Born as Diane Perry in 1943, the daughter of a fishmonger in London's East End, Palmo was fascinated by spirituality and the East throughout her childhood, eventually discovering Buddhism and giving up the frivolity of teen life -- dancing, high heels -- when she was 18 years old. By the time she was 20, Palmo was on a boat to Dalhousie, India -- a refugee zone for Tibetans in northern India -- where she studied Buddhism and taught rudimentary English to young monks who were the reincarnations of dead spiritual masters.

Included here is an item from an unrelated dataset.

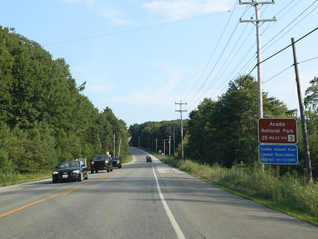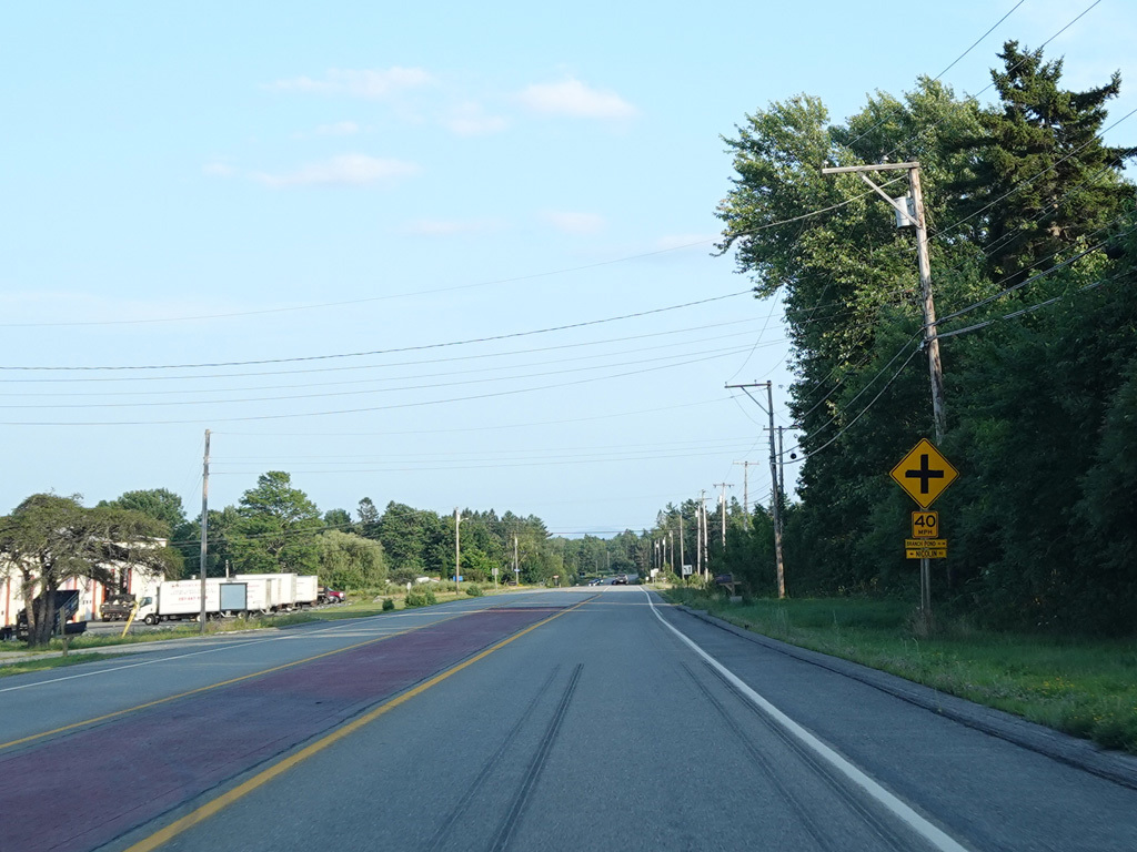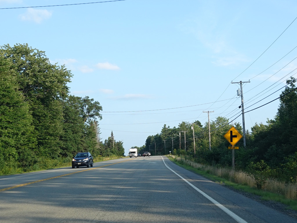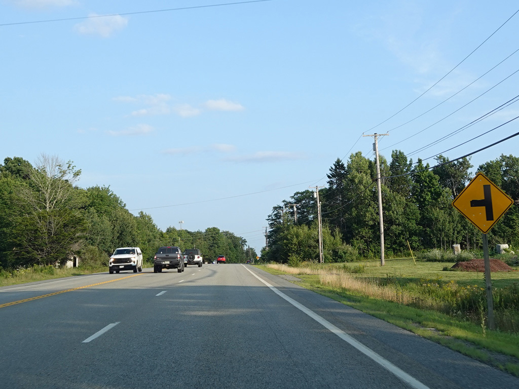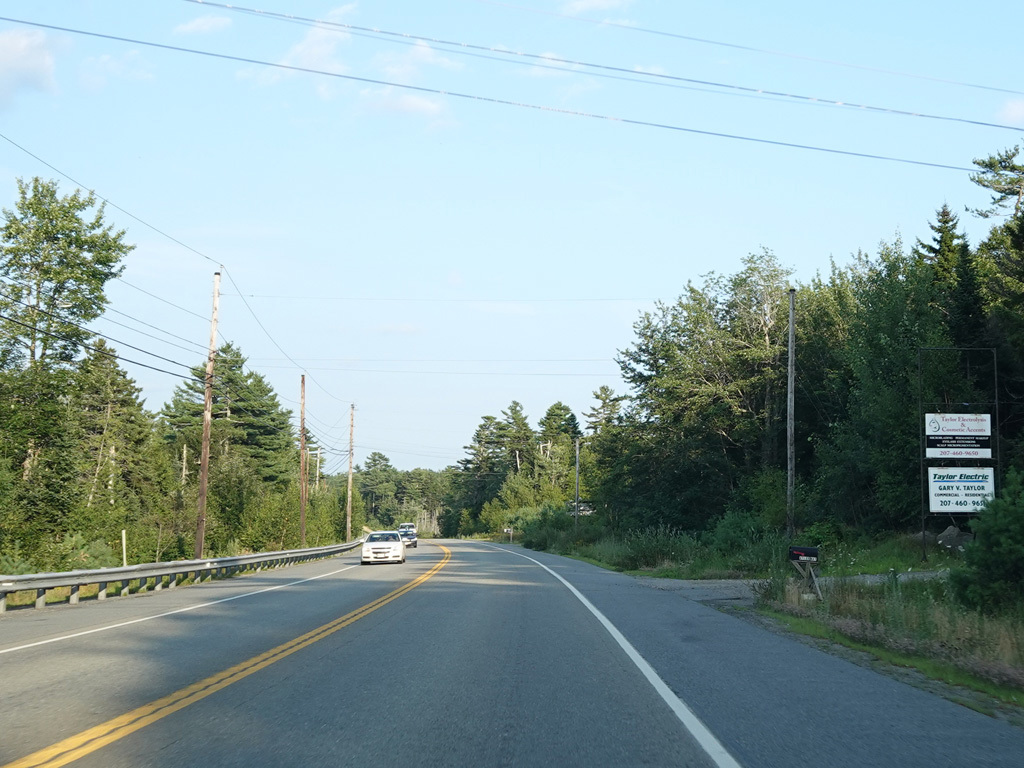 Coming into Ellsworth, the speed limit drops to 40 MPH. Mariaville Road (ME 180) begins on the left at an uncontrolled intersection.
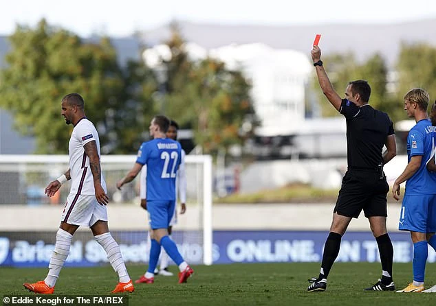 Walker nhận thẻ đỏ rời sân. ẢNH: THE FA

Within a year, Palmo had found a guru -- the reincarnated lama Khamtrul Rinpoche -- and joined a border monastery (there were no nunneries prepared to deal with an educated woman), eventually becoming one of the first Western women to ever be a fully ordained Buddhist nun. And then she climbed the mountain for the sojourn that brought her a certain amount of fame -- at least among other Buddhists.

The life of the yogi is perhaps as removed from Western comprehension of Buddhism as any practice of the religion. The Tibetan yogi spends most of his life in meditation and retreat -- he is, essentially, the wise guru living in the cave at the top of the mountain, long a staple of American jokes. At the age of 27, Palmo climbed up to a niche in the side of a mountain in the Himalayas, and decided to make it her home. For the next 12 years, she lived in this tiny cave at 13,200 feet above sea level, speaking to no one for months, even years on end, as she meditated and sought enlightenment.

For food, Palmo grew turnips and potatoes in a tiny hillside garden, and ate lentils and canned supplies brought up once or twice a year by villagers; she cooked on a small wood-burning stove, with a pressure cooker as her main luxury. She had no books other than religious texts, and no bed -- she slept sitting upright in her tiny meditation box. During the winter, heavy snows would block the entrance, and Palmo almost suffocated before she dug herself out. In the spring, the melting snows would flood her cave. Palmo doesn't talk much about her spiritual achievements up there in the snow, but says that she "was never bored."

In 1988, Palmo finally descended to discover that she'd become famous -- the strange Western woman who had undergone Buddhism's most demanding practice ended up lecturing around the world, and being profiled in the book "Cave in the Snow." Eventually, though, she decided that her new life's calling was to address the gender inequalities that she'd encountered when she was studying Buddhism. Feminism, which has infiltrated Western Buddhism and given rise to a large number of respected female teachers there, had almost entirely bypassed Eastern Buddhism. Palmo joined a small but growing group of Buddhist women -- Western women, but also a few Tibetans -- who were turning their attention to the needs of neglected nuns.

Although there are a few countries -- Taiwan and Korea, namely -- where Buddhist women play a strong role in spiritual life, most Eastern countries leave women out of the picture. Original Buddhist teachings had initially granted women spiritual equality, but years of patriarchal social practices had turned nuns into second-rate citizens (much, it should be noted, like the nuns in the Catholic Church).

"I once asked my lama why there were so few female incarnations in Tibet," she recalls. "He said, 'My sister had more signs at the time of her birth than I did. Everyone said 'Oh, someone very special is coming. 'Then it was a girl and they said, 'Whoops, mistake!' If it had been a boy it would have been taken care of. But because it was a girl, nothing was done about it. She was married off, with no education or training. The social structure was not prepared to deal with it."

Only a few countries even allow women to be fully ordained as nuns (ironically, neither of the spiritual centers revered most by Westerners -- Tibet and Japan -- offer ordination). Traditionally, nuns are denied anything but the most rudimentary education; and the situation has become worse since the Chinese occupation of Tibet. While new monasteries were quickly set up for monks who fled the country, few nunneries were replaced. Many nuns simply ended up as cooks or servants in the monasteries; there were few female spiritual leaders.

To remedy this, Palmo has launched a fledgling nunnery that will, she hopes, reestablish a lost lineage of female yogis, known as the togdenma. These women are the female counterparts to the togden yogis who, dreadlocked and dressed in tattered white skirts, live in caves and meditate for years at a time (and upon whom Palmo modeled her own retreat).

"That example of someone living in a cave in a state of renunciation is something which resonates deeply in the Tibetan psyche," she says. Although the female togdenma existed in small numbers in Tibet through the first half of the 20th century, all traces of these nuns were lost during the Chinese occupation.